Fms様チロシンキナーゼ3リガンド(Flt3L)は、樹状細胞(DC)の生存および分化を促進する造血サイトカインである。自然免疫を活性化し、抗腫瘍反応を高めるために腫瘍ワクチンに使用されています。このプロトコルは、Flt3L発現B16-F10メラノーマ細胞からなる細胞ベースの腫瘍ワクチンを使用した治療モデルと、腫瘍微小環境(TME)における免疫細胞の表現型および機能分析を示しています。培養腫瘍細胞の調製、腫瘍移植、細胞照射、腫瘍サイズ測定、腫瘍内免疫細胞単離、およびフローサイトメトリー分析の手順について説明します。このプロトコルの全体的な目標は、前臨床固形腫瘍免疫療法モデルと、腫瘍細胞と浸潤免疫細胞との関係を研究するための研究プラットフォームを提供することです。ここで説明する免疫療法プロトコルは、黒色腫の癌治療効果を改善するために、免疫チェックポイント遮断(抗CTLA-4、抗PD-1、抗PD-L1抗体)または化学療法などの他の治療法と組み合わせることができます。
がん免疫療法は、毒性の低い副作用とより耐久性のある反応に基づいて、有望な治療戦略として認識されています。腫瘍溶解性ウイルス療法、癌ワクチン、サイトカイン療法、モノクローナル抗体、養子細胞移植(CAR-T細胞またはCAR-NK)、免疫チェックポイント遮断など、いくつかのタイプの免疫療法が開発されています1。

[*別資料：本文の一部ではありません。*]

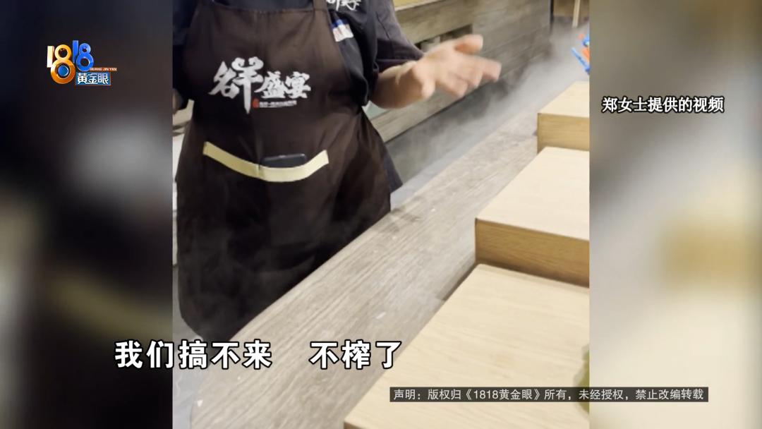 郑女士反映,9月25号她和婆婆吃了一顿自助火锅,结果她亲眼看到店家供应的西瓜汁是兑了自来水的。  郑女士说,当天她团购了两张 名羊天下火锅烧烤自助料理镇明路店的券,单价89元。晚上8点55分到店,当时婆媳两个人各接了一杯西瓜汁。  郑女士:后来我想再去打的时候,那里已经没有了。过了十几分钟我又去问她,你那个什么时候才会有?她说你过一会儿再来。  郑女士说,后来自己再去的时候西瓜汁还没有榨,她就又问了一遍服务员。  郑女士:就开始边切西瓜,边在那里骂我,这么晚来啊什么什么的。切完以后她放在一个不锈钢的盆子里面,打算去榨了。然后拿盆接自来水,加在一起再倒到榨汁机里面。那我就开始说了,我说你们就这样拿自来水给客人吃吗? 记者:您当时就站边上? 郑女士:我就站在边上看着她在那里榨。  这个过程郑女士并没有记录下来,她提供了事后录制的视频。  服务员:那个西瓜汁今天喝不上了,我们搞不来,不榨了。 郑女士:我现在也不要喝不喝得上,你拿生水在给我们喝,待会出问题了肯定要找你,我还是个孕妇呢。  郑女士说自己怀孕四个多月了,吃完火锅回去后她和婆婆都拉肚子了,郑女士还提供了一张照片,照片中枣子上粘着白色的东西。  郑女士:那时候我婆婆要去拿点冬枣,一看冬枣是发霉的,没有拿也没有吃了。 记者:那你现在的想法是啥呢? 郑女士:让他赔钱。我人都拉肚子了,再加上我也是个孕妇,然后还被她辱骂了,我心里很不舒服。 记者:赔钱? 郑女士:对,维权嘛对不对。 记者:西瓜汁兑自来水,你们不是没喝吗? 郑女士:我一开始已经喝了三四杯了。 记者:你说之前的那个? 郑女士:对,我已经喝了三四杯了。  找到店里,果汁摊位上没人,西瓜汁那格是空着的,店里一位易店长介绍了情况。  宁波名羊天下火锅烧烤自助料理镇明路店 易店长:到底有没有说我不知道,作为我们服务来说我想,她说的意思是什么呢?我们西瓜汁基本上夜宵是不卖的,夜宵没有了就没有了,就不榨了。另外这个人不是我们(常负责的员工),晚上可能不熟悉,确实跟顾客说的一样,把自来水接在西瓜里面榨汁。但是顾客看见这个情况,她也没有喝。  易店长说之前跟顾客沟通时,顾客的意思是之前喝的西瓜汁是不是也兑了自来水,关于这一点他跟顾客解释过了。 宁波名羊天下火锅烧烤自助料理镇明路店 易店长:西瓜汁严格来说适当加一点直饮水。她从来没榨过,客人要喝么,她心想榨一点,以前我们专门有定岗人员在做。 记者:当时负责榨果汁的人下班了? 宁波名羊天下火锅烧烤自助料理镇明路店 易店长:对。 记者:那冬枣呢? 宁波名羊天下火锅烧烤自助料理镇明路店 易店长:冬枣是这种情况,像这样子的,(有点坏了)它这个是皮。 郑女士:直接就发霉了。 记者:那你们后面有没有沟通过,怎么处理这个事? 宁波名羊天下火锅烧烤自助料理镇明路店 易店长:当时遇到这种情况,作为我们商家来说,尽量满足客户的需求吧,当时把她单免了。不同意,她要我们赔付一千块钱。  易店长说,郑女士后来投诉到了市场监管部门,店里也接到了市场监管的电话。他希望后续事情的处理交给相关部门。 来源:1818黄金眼

がんワクチンの場合、全細胞ベースのワクチン、タンパク質またはペプチドワクチン、RNAまたはDNAワクチンなど、さまざまな形態の治療用ワクチンがあります。ワクチン接種は、抗原提示細胞(APC)が腫瘍特異的抗原を含む腫瘍抗原を処理し、それらを免疫原性の形でT細胞に提示する能力に依存しています。樹状細胞(DC)は最も強力なAPCであることが知られており、抗腫瘍免疫に重要な役割を果たすと考えられています2,3。これらの細胞は腫瘍抗原を取り込んで処理した後、ドレナージュリンパ節(dLN)に移動して、T細胞受容体(TCR)と共刺激分子の関与を介して腫瘍特異的Tエフェクター(Teff)細胞をプライミングおよび活性化します。これにより、腫瘍特異的な細胞傷害性T細胞(CTL)が分化および増殖し、腫瘍に浸潤して腫瘍細胞を死滅させます4。したがって、DCの活性化と成熟は、腫瘍抗原に対する免疫を刺激するための魅力的な戦略を表しています。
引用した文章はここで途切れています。